### DATA PROVIDED:
● ● ●

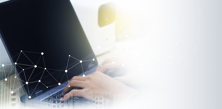 Digital technology, internet network connection, big data, digital marketing IOT internet of things. Man using laptop computer surfing internet, innovative technology.
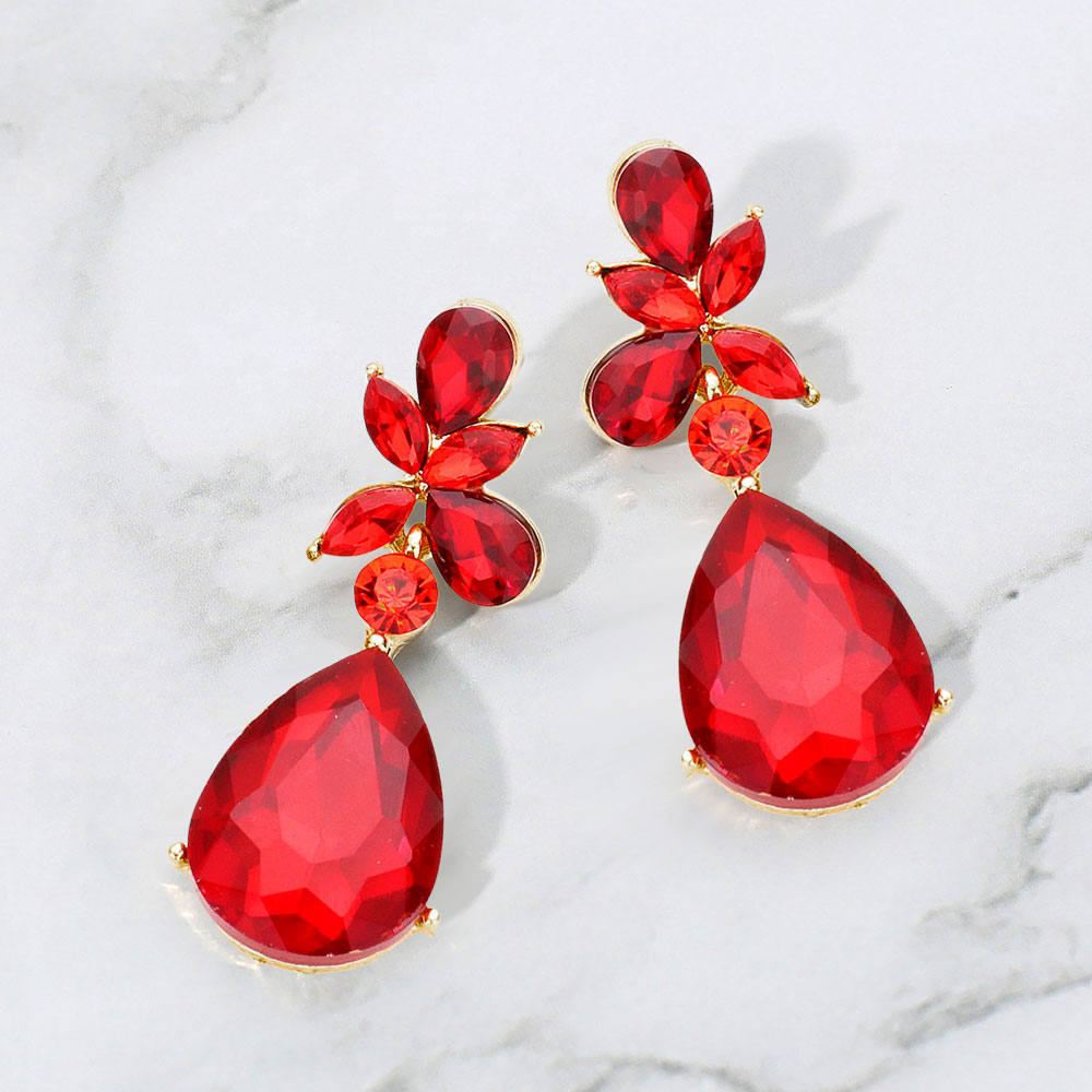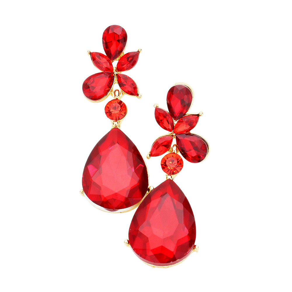 • Make a striking impression with these faceted teardrop statement earrings. Featuring bold, multi-cut stones arranged in a floral-inspired design, they capture light beautifully for a refined yet dramatic finish—perfect for evening wear or elevating any special occasion look.
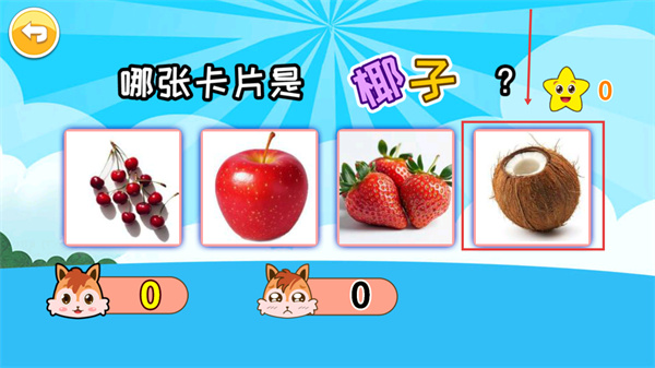 2、選擇被框選的【椰子卡片】完成題目,這類題目需識別指定水果。
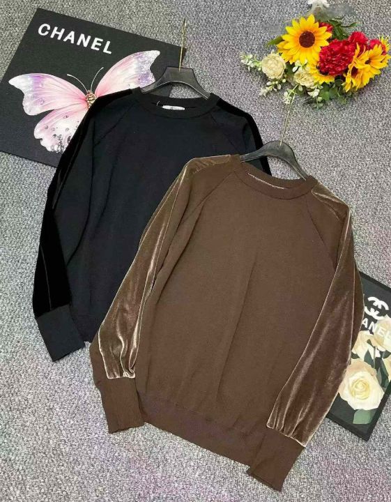 春秋新款轻熟女装宽松AB面针织拼金丝绒长袖上衣,独立包装,均码面料软糯舒适,200件,全清5.9元超低价秒杀!

● ● ●

### WHAT NEEDS TO BE DONE:
Your reply should hold only the lines running from the one with "2、選擇被框選的【椰子卡片】完成題目,這類題目需識別指定水果。" to the end of the data above, set down exactly, pictures omitted.

### ANSWER TO THE PROBLEM:
 2、選擇被框選的【椰子卡片】完成題目,這類題目需識別指定水果。
 春秋新款轻熟女装宽松AB面针织拼金丝绒长袖上衣,独立包装,均码面料软糯舒适,200件,全清5.9元超低价秒杀!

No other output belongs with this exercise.